Because it's 2016 and we're enduring a presidential race that features a democratic candidate named Bernie Sanders, it's incumbent upon me to announce that Bernie's Apt. is not a coming-of-age story that describes the burgeoning political consciousness of a young Jewish man from Brooklyn. Rather, it's a moving portrait of urban, immigrant Latina women and girls struggling to keep a family together and earn a living in the United States, brought to you by ACTLab and eSe Teatro.
Full disclosure: This play is a domestic drama about a working-poor, matriarchal foster-care family AND it features a Jehovah's Witness subplot. My two sisters and I were raised to be Jehovah's Witnesses by my single Jewish mother. Though my family had more advantages than the family I saw onstage (we didn't have to manage the complex bureaucracy of immigration and foster-care parentage stuff, and we were white), I kept experiencing vivid emotional flashbacks to my childhood as I was watching the play. Suffice it to say that when Alma Villegas, who plays Bernie, an overworked and exasperated foster-care "mamá" with a complicated past and a kid of her own, shouted at her children to demand their happiness, I got more than a little homesick.

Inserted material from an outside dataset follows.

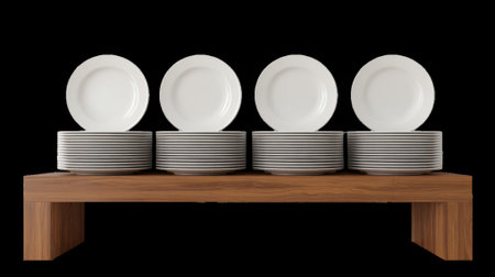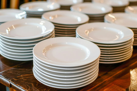 neatly arranged dinnerware ready for service, ceramic and porcelain plates organized for serving
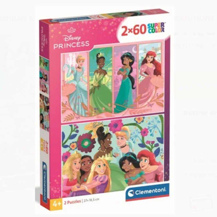 Puzzle 2 x 60 pièces - Disney Princess - CLEMENTONI

The motivations of the characters are a little messy, mostly because the world they inhabit is messy. Bernie has run into trouble with the law after people at her retail job accuse of her of stealing a dress for her new foster daughter's quinceañera, and despite the financial and emotional toll of fighting those accusations, she's considering fostering another child who has recently been abandoned. Bernie appears to favor her flesh-and-blood daughter more than her foster daughters, no matter how hard they work to keep the house peaceful.
The poverty traps these characters try to dodge include stressing out from overwork, caring for others who no one else will care for to the point of needing care, constantly thinking of starting new businesses but not being able to save enough money to do so, dealing with abuse at the hands of men, relying on the false hope and real comfort of religion, "employee discounts," retaining dignity in the face of a justice system that's not wrong in its judgments but not fair given individual circumstances, balancing the need to abandon the mother ship with the fear of abandoning the people you love, and, of course, trying to overcome past, current, and potential trauma.
The pile-on of problems in Bernie's Apt. doesn't produce a what's-gonna-happen-next dramatic tension. Instead, the structure reveals how a paycheck-to-paycheck extended family absorbs and deflects the indignities that such a family endures in the public sphere. As with all domestic dramas, the more emotionally resonant and complex tensions happen not onstage but within the conscience of audience members. Where should our sympathies lie, for instance, when someone performs a selfish act in order to reward themselves for endless acts of selflessness? To what extent is an act of religious conversion an expression of agency? Should this play have started three-quarters of the way through the first act, even though that would mean losing a lot of character-building stuff up front?
But the play is not a pity party. Watching playwright Rose Cano's complex characters try to overcome their problems with grit, vigor, cunning, and cooperation leads to a lot of humor and fellow-feeling, especially in the case of Maggie (played warmly by Sophie Franco), who starts a psychic hotline called 1-900-YO-BRUJA to make some side money.
But Meme Garcia, whom I've now seen in approximately 100 shows this season, gave the standout performance. Garcia seemed to live in the world of the play that evening, whereas others (with the exception of Villegas) were only acting in it. She's typically cast as a bold, funny, loud person with a quick temper, and her role in Bernie's Apt. is no exception. Word has it that she's playing Ophelia in Seattle Shakespeare's "Wooden O" production of Hamlet this summer, and I'm looking forward to seeing what she brings to that role.